NDBL / HECIL

Hybrid Error Correction of Long Reads using Iterative Learning
10 stars 2 forks source link

Parallelization of task #7

Closed arunprasanna83 closed 5 years ago

arunprasanna83 commented 5 years ago

Hi,

Quoting from your article "The current version of HECIL allows decomposition of the workload into independent data-parallel tasks that can be executed simultaneously. A natural extension of the tool will be to implement multi-threading to achieve speedup on traditional machines.".

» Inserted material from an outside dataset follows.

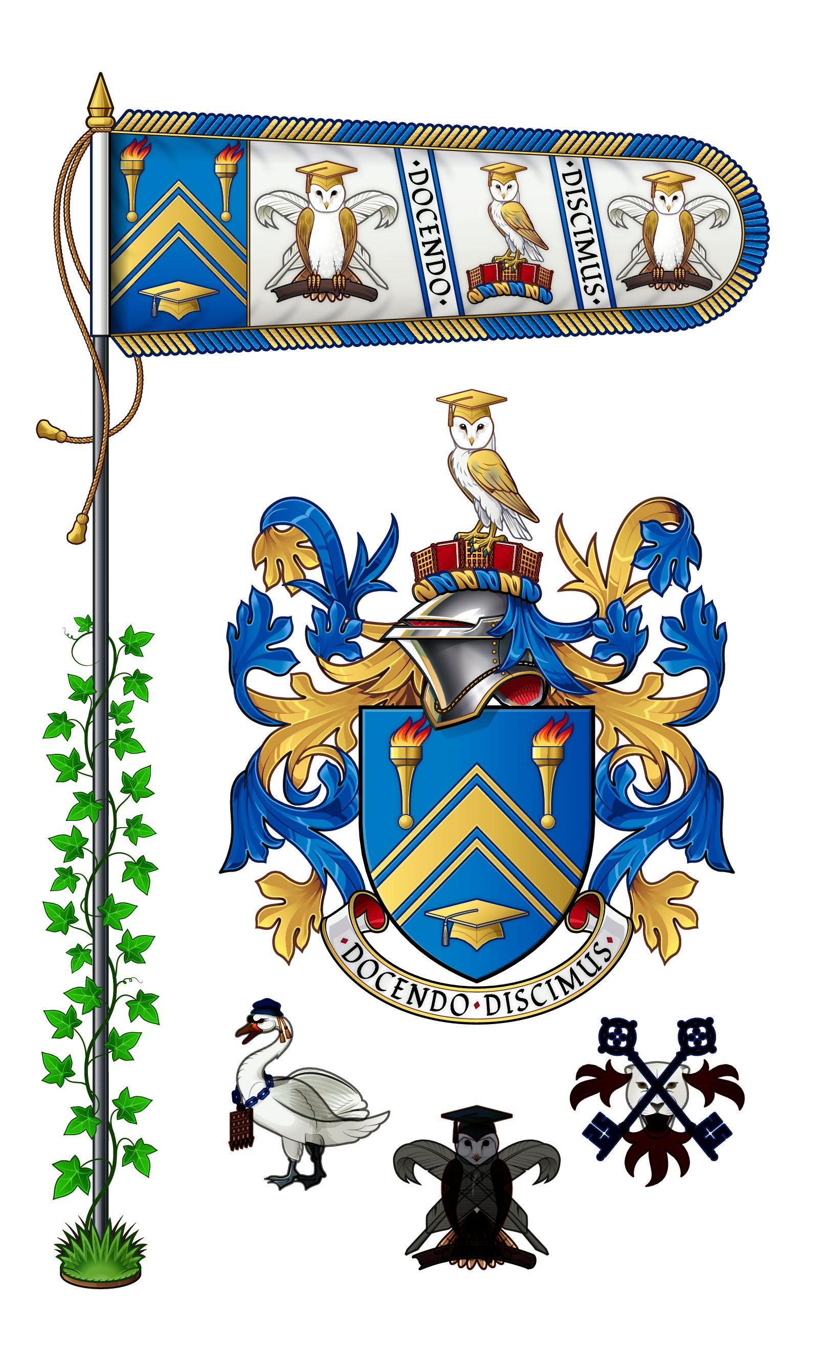 For a badge: Two Talbots countercourant in pale that in chief Or that in base Sable each gorged with a plain Collar attached thereto a Line terminating in a Ring reflexed over the back and environing the other counterchanged.

How do I setup independent data-parallel tasks ? Can you share an example.

Thanks in advance. AP

ochoudhu commented 5 years ago

You can split the file containing long reads into multiple smaller files and run HECIL on each. For example, if you split a file LR.fa into 3 subsets (LR1.fa, LR2.fa, and LR3.fa), you can run the following 3 tasks in parallel:

python HECIL.py -l LR1.fa -s ShortRead.fq -len 202 -o Out1 python HECIL.py -l LR2.fa -s ShortRead.fq -len 202 -o Out2 python HECIL.py -l LR3.fa -s ShortRead.fq -len 202 -o Out3

After the completion of the tasks, you would have to merge the output files.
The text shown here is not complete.